General Data Protection Regulation (GDPR) was introduced in May 2018. It requires businesses to take steps to protect the personal information they collect for. It also specifies actions required by law to prevent data breaches and lists eight “data subject rights”. These are:
- The right to be informed
- The right of access
- The right to rectification
- The right to erasure
- The right to restrict processing
- The right to data portability
- The right to object Rights in relation to automated decision making and profiling
These rights apply to partner businesses, clients and employees alike. Failure to adhere to them may result in prosecution. This article deals in particular with the “right to erasure” and specifically GDPR data retention periods.
How long to keep employee records after termination of a UK contract?
So how long can you keep personal data relating to your employees in HR records? The answer is that there are no definitive GDPR statutory retention periods, per se.
The legislation states that a business should keep information for “no longer than is necessary”. If you need the data only for the period of the individual’s employment, you should destroy it after they leave.
If you’re likely to need it for archiving or research “in the public interest”, it may be that you can keep it for longer.
GDPR data storage requirements state that you must only keep data to use in the manner for which it was first collected.
One of the chief reasons for the retention of employee records in the UK is legal defence against potential claims. A business may need to use certain data as evidence should the subject make a race or discrimination claim against it.
Our guide to GDPR and how long to keep data
“Should personal data be deleted every 5 years?” is a common query – with rumours of other periods also regularly heard. However, the guideline period for most types of GDPR retention policy is six years after the end of the current tax year according to HMRC.
This does not apply to every situation, as businesses may keep hold of data for many different reasons – each requiring different lengths of time.
How long should records be kept under the Data Protection Act and GDPR?
1. Hiring and applicant data
It may not seem vital to keep information from interview notes or job applications you have received once someone has filled the role.
However, there is the possibility that a rejected applicant may make a claim against you for discrimination.
By law, they have six months from the date of the alleged incident in which to do so. For this reason, we recommend that you keep all data throughout this period.
2. Payroll data
It is less likely that you will need this information to defend a claim. Because financial details are very sensitive, we recommend destroying them without much delay. This will help you to demonstrate a strong data retention policy under GDPR.

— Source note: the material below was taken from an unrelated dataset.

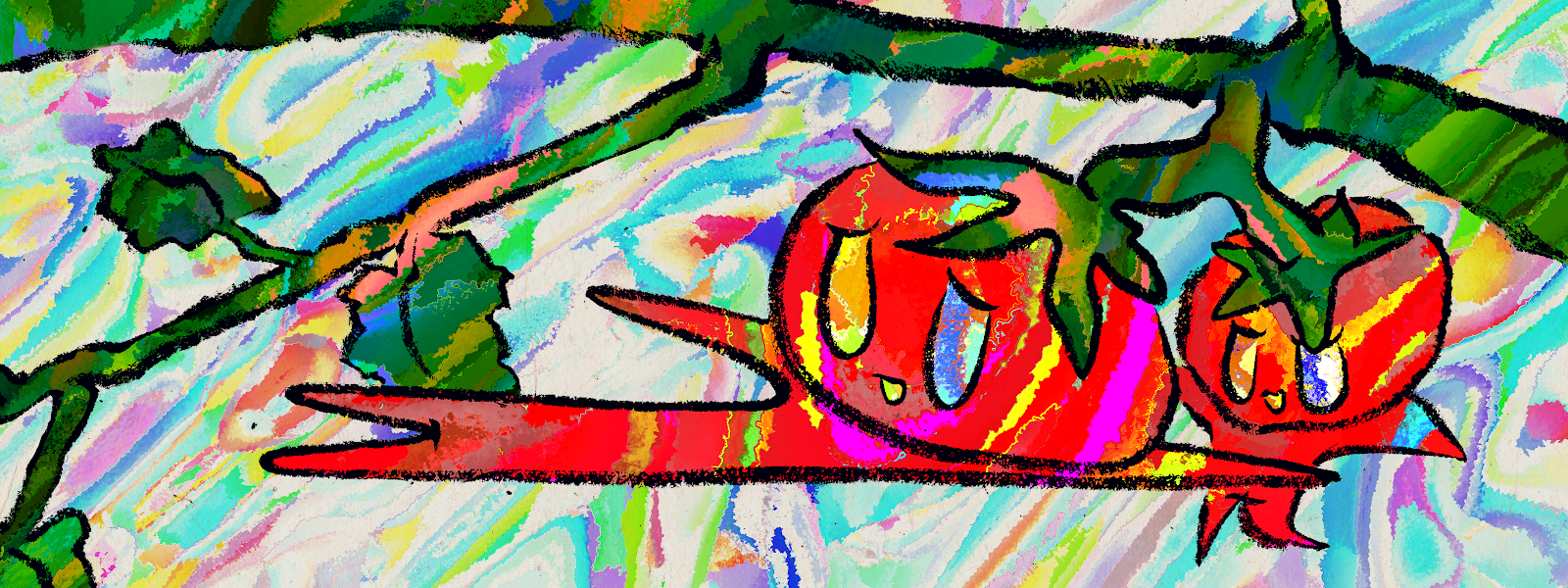 応募作品全29作品の中から、アーティストのTokoma Tomato様が描いた「斑入り唐なすび」という作品が優勝作品に選出されました。本作は、江戸時代の狩野探幽の「唐なすび」をオマージュし、現代的な視点でトマトを描いたデジタルアート作品です。
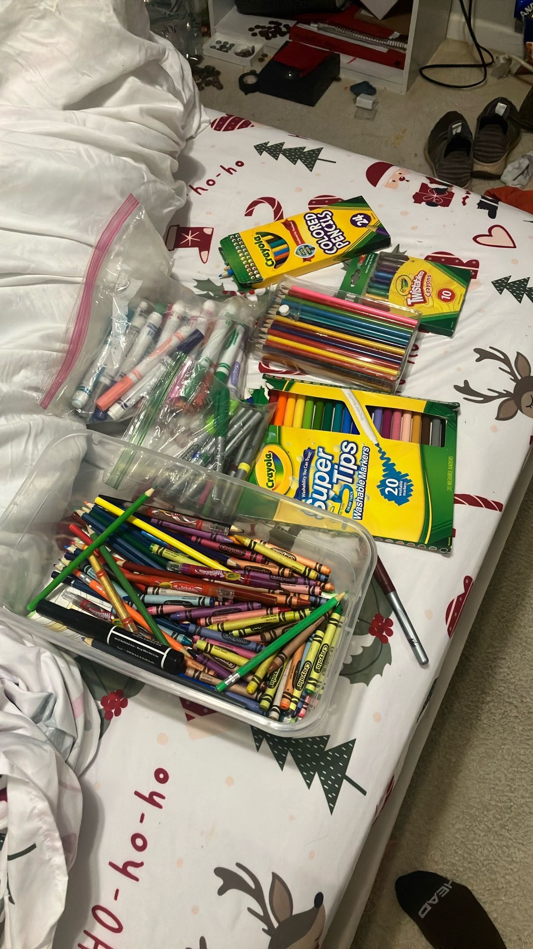 Crayons, markers, color pencils, and permanent markers. Bunch of them. No longer use, thanks 25 obo

HMRC can investigate your activities relating to PAYE and other payroll-related matters up to three years after the fact. For this reason, it’s a good idea to keep these details for this length of time and no more.
3. Employee records
This information includes employment contracts, details of their performance and other records relating directly to their work with you.
This data can prove very useful when defending against a claim brought by the data subject. Among other things, you may use it to:
- Disprove details of their accusationsServe as evidence that you did your duty as an employerSupport claims that you gave the subject the correct information and support during their employment
A claim for unfair dismissal must be made a maximum of three months after the fact. However, the data subject can take their case to the county court or crown court up to six years following the alleged act.

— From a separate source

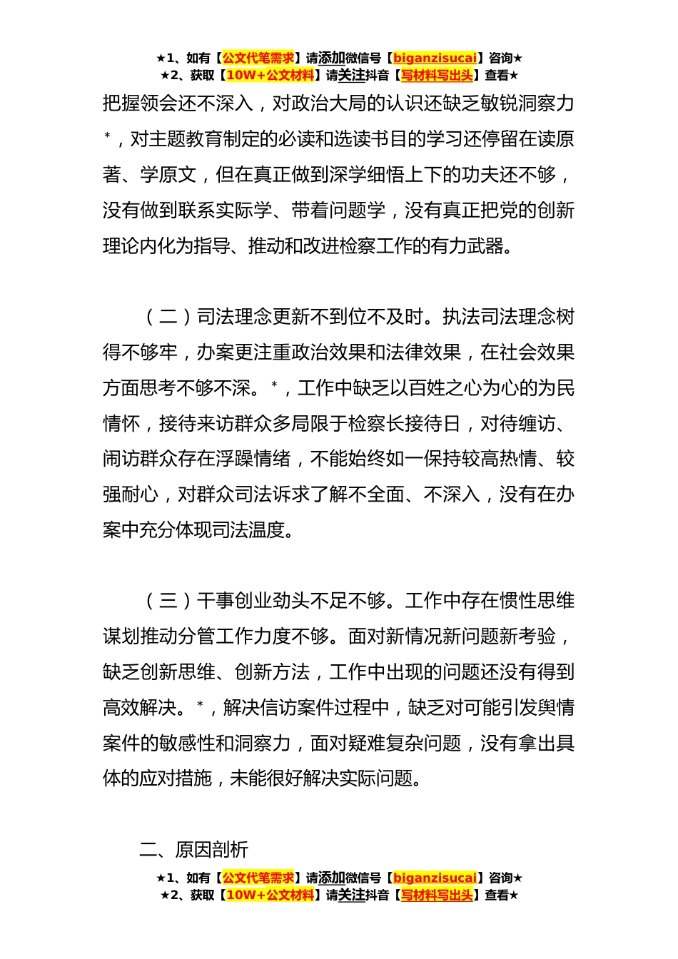 ★1、如有【公文代笔需求】请添加微信号【biganzisucai】咨询★★2、获取【10W+公文材料】请关注抖音【写材料写出头】查看★有关检察院**年主题教育专题组织生活会个人发言提纲按照院党组《***会议方案》要求,我通过个人自学和集中学习研讨,深入学习了A新时代中国特色社会主义思想、A法治思想和《A谈治国理政》第四卷,认真学习党的二十大报告、党章和《关于新形势下党内政治生活的若干准则》,学习等。主题教育专题组织生活会召开前,我与所在支部全体党员进行谈心谈话,对征求到的意见建议进行总结归纳,并结合自身实际,对照本次专题民主生活会内容认真进行查摆,深入剖析原因,并制定整改措施。现汇报如下:一、存在的突出问题(一)政治理论学习不全面不系统。对A新时代中国特色社会主义思想,尤其是对A法...

For this reason, it’s a good idea to keep this information for around six years.
What are the legal requirements for storing business information for use in court?
An important point is that much of this data will not have been originally collected for use as a legal defence. It is unlikely to have been taken into account when you first asked for the data subject’s consent to process their information.

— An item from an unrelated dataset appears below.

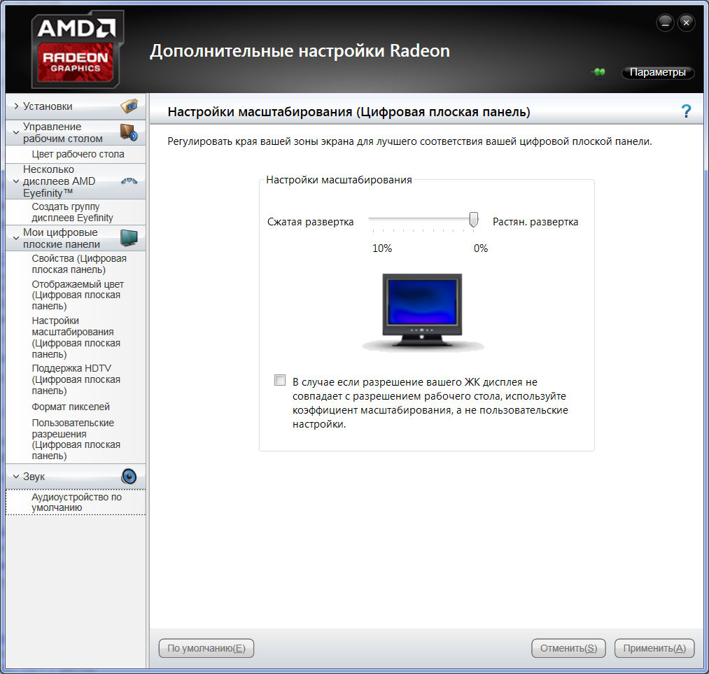 Если видеокарта AMD, нужно поставить ползунок масштабирования на 0%.

However, as mentioned earlier, GDPR states that businesses must only keep data to use in the manner for which it was first collected.
This is where “legitimate interest” comes into play.
This term refers to occasions where businesses may overlook the need for consent – or the “right to restrict processing” – when using data. Oftentimes, this is permitted in order for the business to uphold a legal duty.
For example, an employee may have failed to give you permission to use their bank details – but it is illegal for you to allow them to work for free.
Furthermore, you may not have consent to share a suspect’s information with law enforcers, but it may be in the public interest for you to do so.
The use of employee data to ensure your business can build a fair defence in court falls into this category.
Of course, the invocation of legitimate interest should always be balanced against the legal rights of the data subject.
So – how long can personal data be stored under the Data Protection Act and GDPR? The answer depends on the type of data.
For applicant data, we recommend six months. For payroll information, three years. For employee records, six years. For anything else, it’s a good idea to follow the HMRC six year limit in case you are required to respond to any form of investigation.